BGP is an Exterior Gateway Protocol (EGP), which means that it exchanges routing information between Autonomous Systems (AS). BGP is quite different from other IGPs, such as RIP and OSPF. BGP uses a different routing algorithm that uses a path vector algorithm, causing it to keep a list of every AS that the path passes through.

Our recipe will demonstrate how to configure Quagga to peer with a Cisco router using BGP. Suppose our Anycast design consists of an Autonomous System 65500 and AS 64555 as shown below. AS 64555 will contain our Anycast DNS servers and we'll establish peering between the two as shown below:

 

anycast-dns-bgp-1

The recipe calls for configuring an Anycast DNS server each with two physical network connections on different subnets or VLANs. Two upstream routers are configured with BGP routing and will peer with our Anycast DNS server. The Anycast DNS servers will be configured with BGP routing protocol for originating our two Anycast VIPs of 192.168.0.1/32 and 192.168.1.1/32. The configuration is shown in the graphic below:

anycast-dns-bgp-2

We could advertise two (2) Anycast VIPs from within the same netblock 192.168.0.0/24, such as 192.168.0.1/32 and 192.168.0.2/32. This would save address space, but we're simply trying to show by example by using VIPs from different netblocks.

Recipe - Multihomed Anycast DNS using BGP

Step 1 - Configure Anycast VIPs on "Server A"

Add two (2) Anycast VIPs to the host's loopback interface as a virtual loopback device or sub-interface. This is performed using the following command:

ifconfig lo:0 192.168.0.1 netmask 255.255.255.255
ifconfig lo:1 192.168.1.1 netmask 255.255.255.255

NOTE: The command above shows the syntax for performing this on Linux. The loopback devices are named slightly different on Sun Solaris. The loopback devices on Solaris are called lo0:0 and lo0:1 respectively.

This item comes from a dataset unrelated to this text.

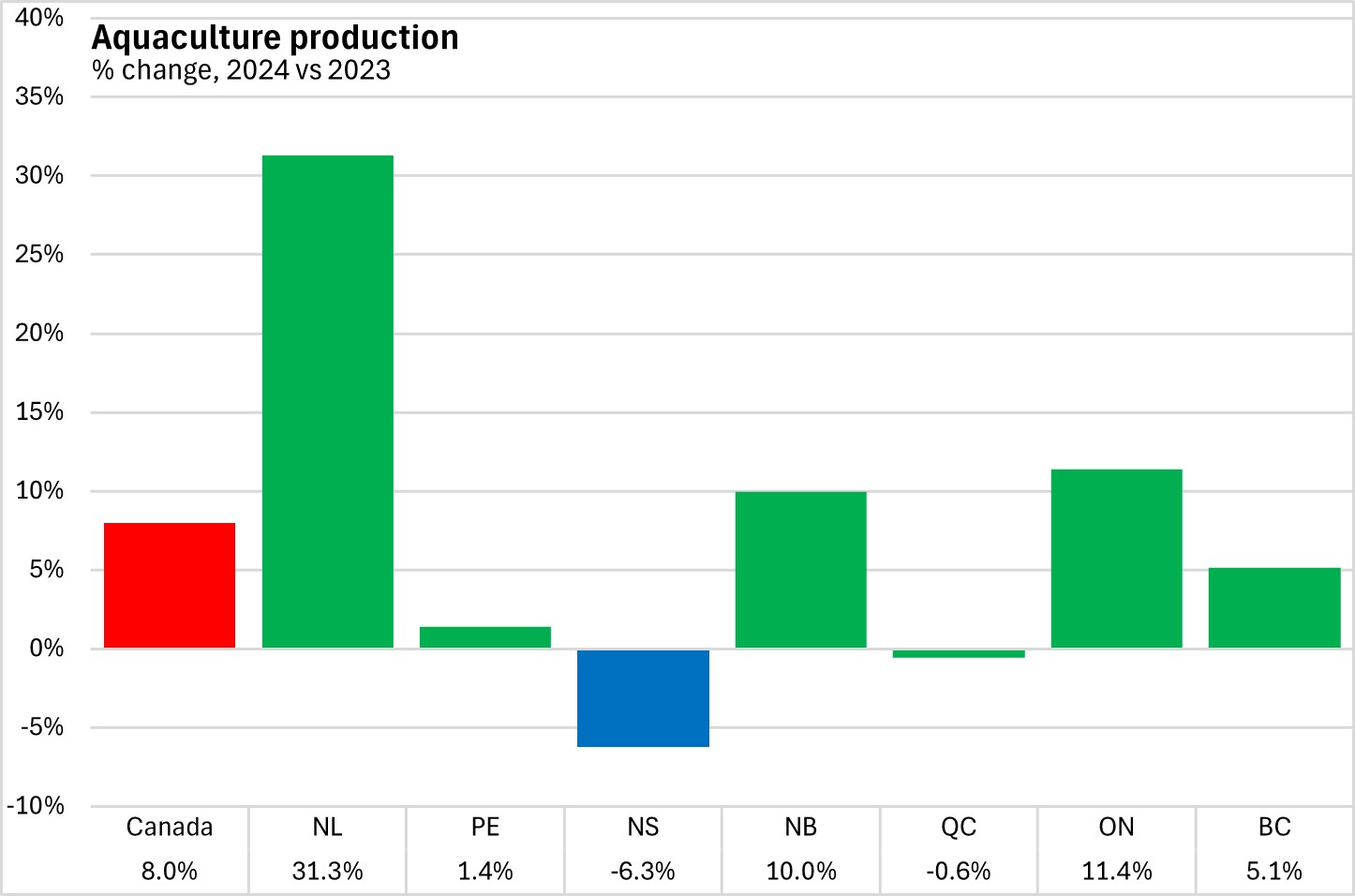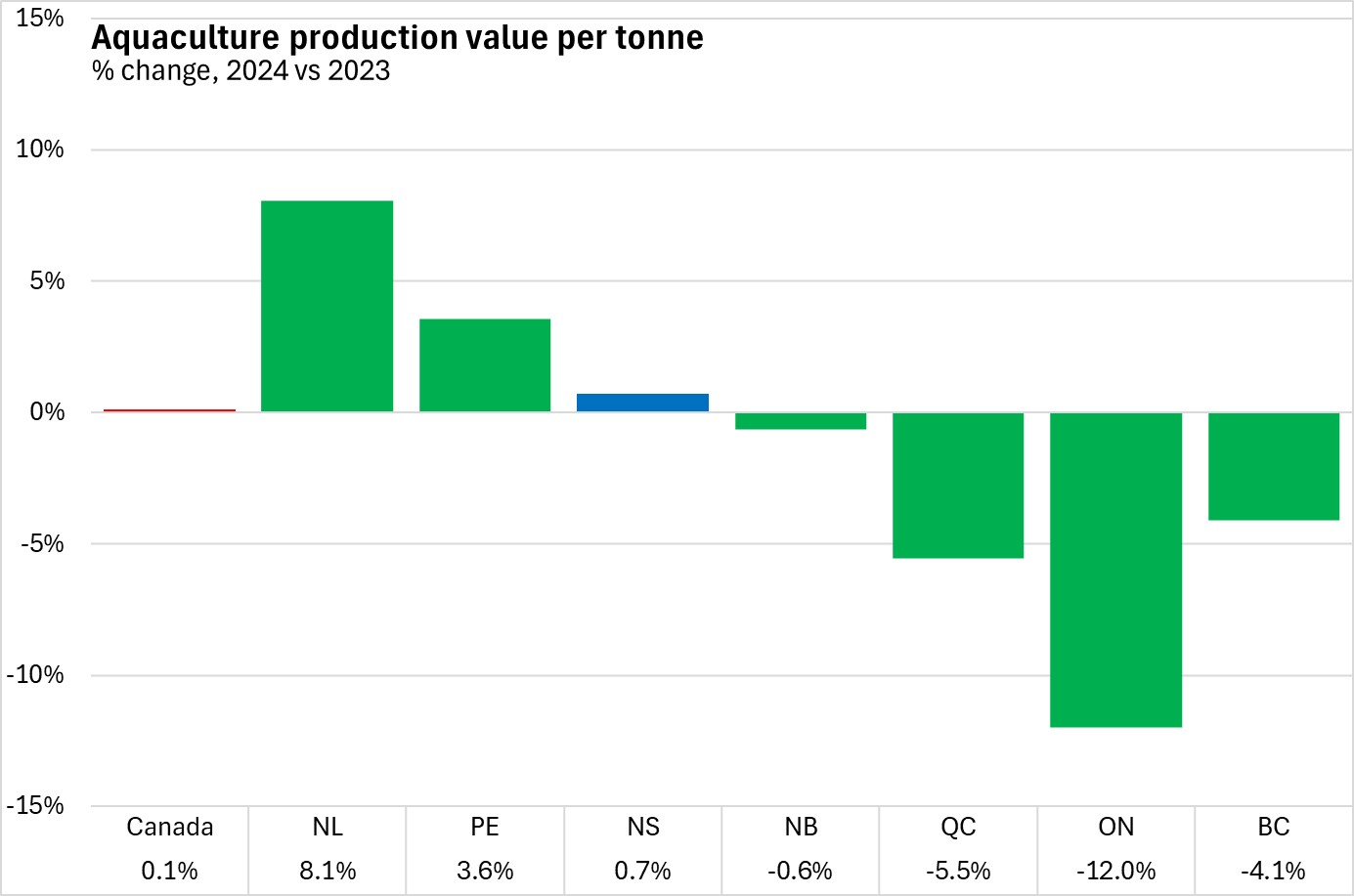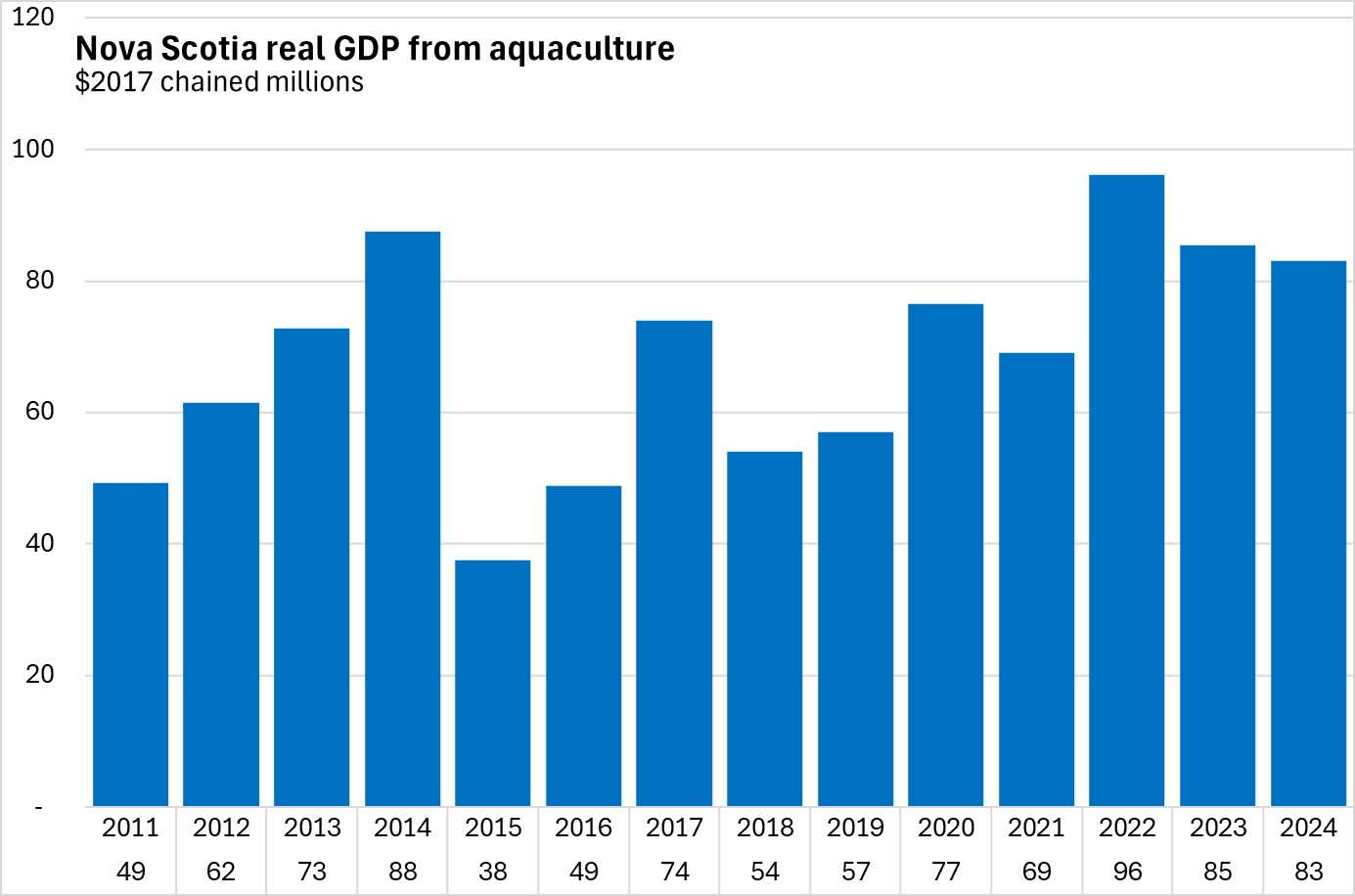 Real GDP in Nova Scotia's aquaculture industry fell by 2.8% in 2024, one of five provinces to report a decline (along with British Columbia, Alberta, Saskatchewan, and Québec).

Step 2 - Configure Zebra (component of Quagga) on "Server A"

The typical location of the zebra configuration file is /etc/quagga/zebra.conf, unless you have built Quagga with non-default file locations. Create the /etc/quagga/zebra.conf file as follows:

!
! Zebra configuration saved from vty
! 2009/06/07 09:49:00
!
hostname server_a
!
password zebra
enable password zebra
!
interface eth0
ip address 10.0.1.10/24
!
interface eth1
ip address 10.0.2.10/24
!
interface lo
!
line vty
!

Once the zebra.conf file is built, start the zebra process and configure it to start automatically at boot time. With zebra running, we can access the running configuration interactively using the vty or vtysh. Please consult the Quagga on-line help for usage at http://www.quagga.net

Step 3 - Configure BGP on "server_a"

In order to configure BGP routing on server_a, we need to configure the server to run the bgpd routing daemon. The Quagga BGP routing daemon is configured through the /etc/quagga/bgpd.conf file as follows:

!
! bgpd configuration saved from vty
!2009/06/13 11:21:42
!
hostname server_a
password zebra
log stdout
!
router bgp 64555
bgp router-id 10.0.3.10
network 192.168.0.1/32
network 192.168.1.1/32
timers bgp 4 16
neighbor 10.0.1.1 remote-as 65500
neighbor 10.0.1.1 next-hop-self
neighbor 10.0.1.1 prefix-list DEFAULT in
neighbor 10.0.1.1 prefix-list ANYCAST out
neighbor 10.0.2.1 remote-as 65500
neighbor 10.0.2.1 next-hop-self
neighbor 10.0.2.1 prefix-list DEFAULT in
neighbor 10.0.2.1 prefix-list ANYCAST out
!
ip prefix-list ANYCAST seq 5 permit 192.168.0.1/32
ip prefix-list ANYCAST seq 10 permit 192.168.1.1/32
ip prefix-list DEFAULT seq 5 permit 0.0.0.0/0
line vty
!

Start the BGPD routing daemon and enable the service to start automatically at boot time. Similar to zebra, the BGP process can be maintained and configured by using the vty or vtysh. The only interfaces in our configuration that are actively participating using BGP are eth0 and eth1. They will "peer" with their respective upstream BGP neighboring router. The eth0 peers with router R1-A, and the eth1 interface will peer with the R1-B router.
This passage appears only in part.